Marmaduke in Going to the Dogs (Part 3)

Marmaduke in Going to the Dogs (Part 3)

                                                

Tales of Marmaduke
Tales of Marmaduke

Continues from Marmaduke says goodbye to Mr Snake and his secrets (Part 2)

Marmaduke and the Red Gang at the Squirrel School were having a meeting. He asked the Red Gang what the local people had a lot of?

The Red Gang thought long and hard. They looked through their letters. A few had letters from the local people complaining about dogs.

“Dogs” a number of the Red Gang said in response to Marmaduke.

“Right” Marmaduke said beaming, “we’ll ask all dog owners to give us gold coins”.

The Red Gang looked afraid.
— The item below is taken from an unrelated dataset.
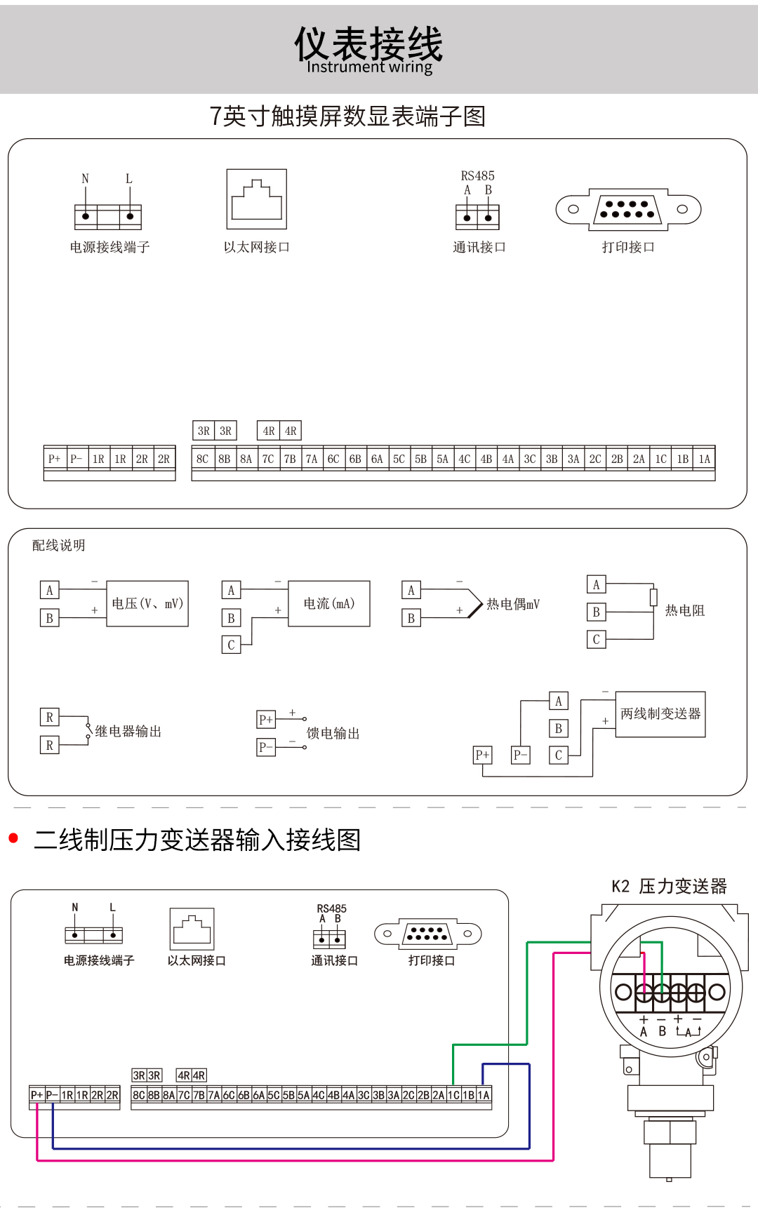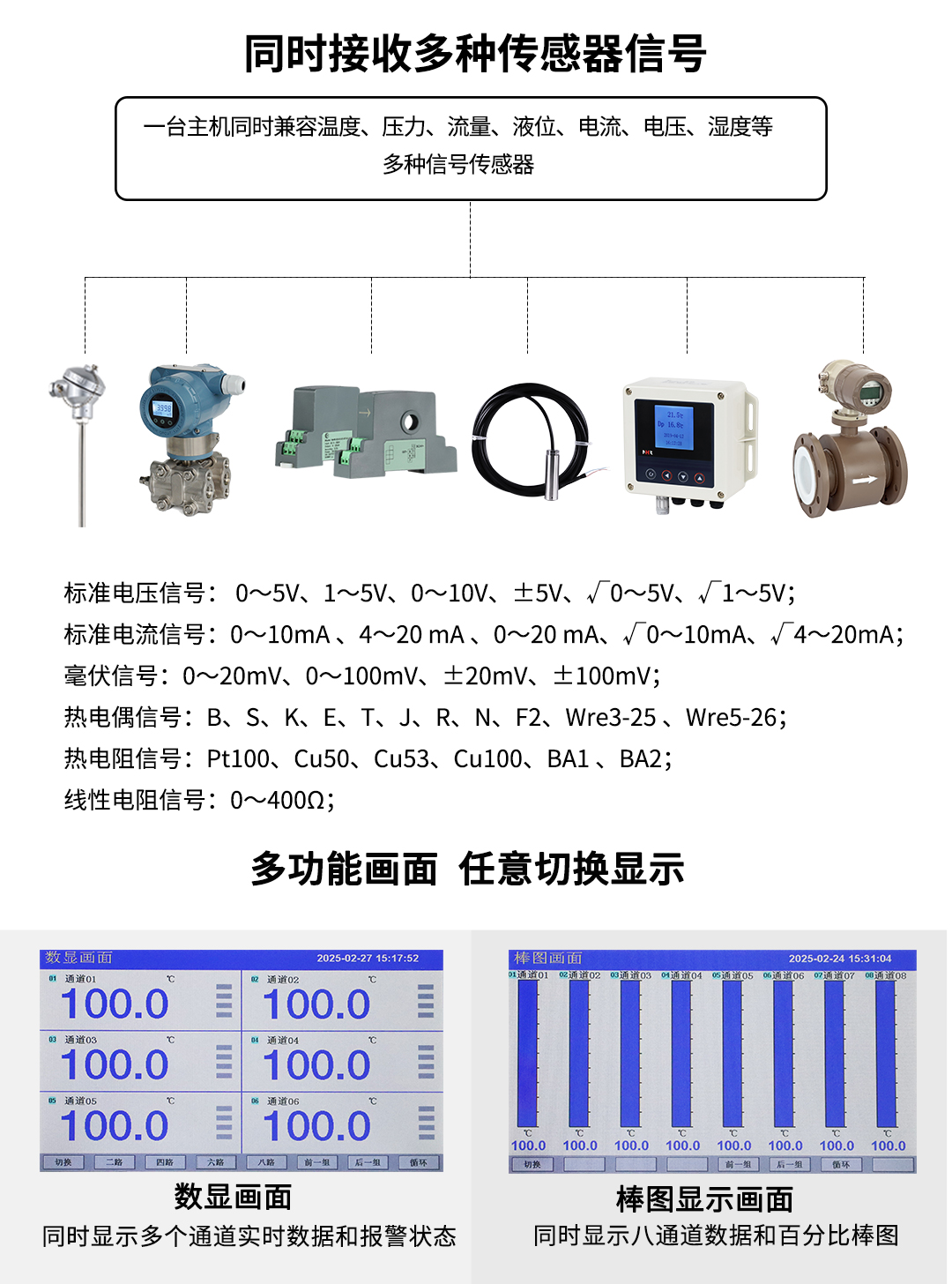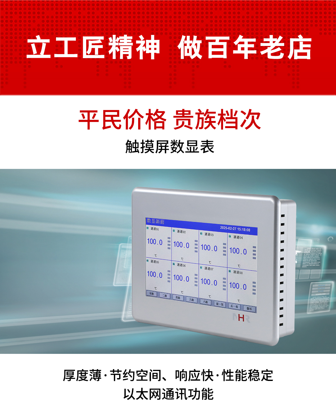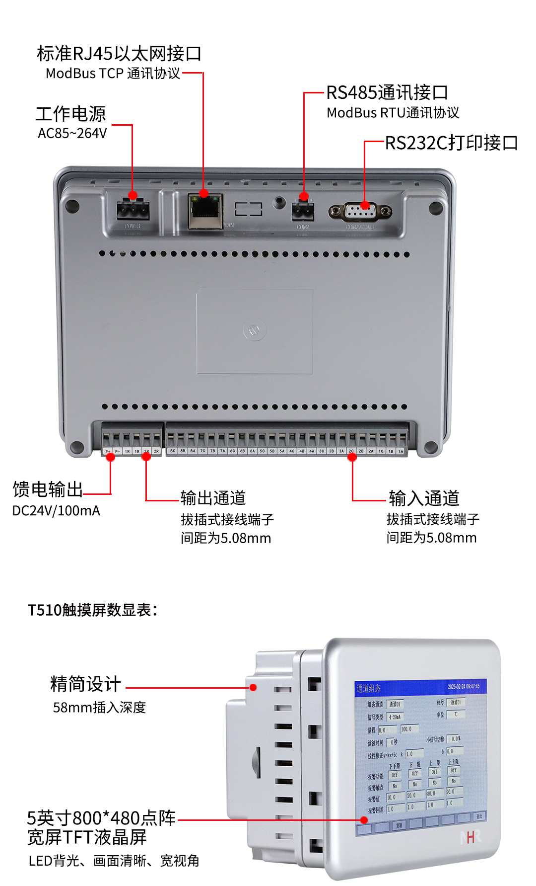 NHR系列觸摸屏數(shù)顯表采用新型大規(guī)模集成電路,對輸入、輸出、電源、信號采取可靠保護和強抗干擾設(shè)計。4路萬能信號輸入(可組態(tài)選擇輸入:標準電壓、標準電流、熱電偶、熱電阻、毫伏等)??蓭?路報警輸出,1個饋電輸出,RS485通訊接口,以太網(wǎng)接口,微型打印機接口;具有強大的顯示功能,實時測量顯示,棒圖顯示,報警狀態(tài)顯示,組態(tài)畫面顯示等。
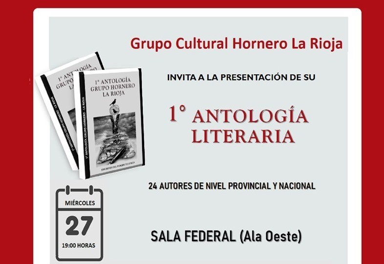 El grupo cultural y literario Hornero presentará, en la tarde de este miércoles 27, a las 19, su primera antología con textos de 24 autores locales y nacionales. El acto será en la Sala Federal (ala oeste), del Paseo Cultural a las 19 horas y la obra literaria incluye a 24 autores de nivel provincial y nacional.

A lot of the people around the Squirrel School had dogs. If they did what Marmaduke wanted then they would soon find themselves expelled.

None of the Red Gang liked to stand up to Marmaduke.

“It wouldn’t be fair on cat owners if we did that!” one finally said (hoping Marmaduke would change his mind).

“We could ask cat owners for gold coins too!” came Marmaduke’s reply.

This was even worse, making both dog and cat owners angry would surely see them expelled from the Squirrel School!

So instead one of the Red Gang called Moon came up with a plan.

From 2016 all dog crèches and people that looked after dogs at home would pay the Squirrel School gold coins.

64 gold coins each didn’t seem much. If the Squirrel School needed more gold coins the Squirrel School could charge vet fees or inspection fees.

Marmaduke was happy and the Red Gang was happy that they wouldn’t be expelled.

Marmaduke suggested that they don’t tell the ghosts this. If they did the people might find out!

Continues at Marmaduke finds out there were more problems than he thought (Part 4).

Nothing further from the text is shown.